On February 19, 1987, the Court entered an order for relief in the involuntary bankruptcy case and appointed David Cranshaw as Trustee ("Trustee"). On February 24, 1987, counsel for Cello sent a letter to counsel for Champion with a proposed offer to purchase the debtor's assets from the Trustee. The letter requested that counsel for Champion review the offer and then contact counsel for Cello.
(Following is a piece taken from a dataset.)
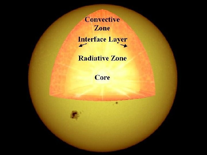 Solar Structure • THE SOLAR ATMOSPHERE – – Solar Wind Corona Chromosphere Photosphere The “Surface” of the Sun • THE SOLAR INTERIOR – The Convection Zone – The Radiative Zone – The Core

Paragraph (5) of the offer is entitled "Agreement of Champion", and it provides as follows (with emphasis added):

by its signature below, Champion agrees that the purchase price to be paid by Buyer for the Purchased Assets is a fair and reasonable price and upon acceptance by the Trustee and approval of the Bankruptcy Court, Champion agrees to accept the proceeds of the sale, less any administrative expenses approved by the Bankruptcy Court with respect to the Purchased Assets, in full satisfaction of that portion of its claim against APP the debtor secured by the Purchased Assets.

Cello never sent this offer to the Trustee, and this agreement was never signed by Champion.

On March 4, 1987, counsel for Cello wrote the Trustee a letter enclosing a list of property Cello desired to purchase and stating (with emphasis added) "again, I need to emphasize the need to act quickly if you want to preserve Cello's bid".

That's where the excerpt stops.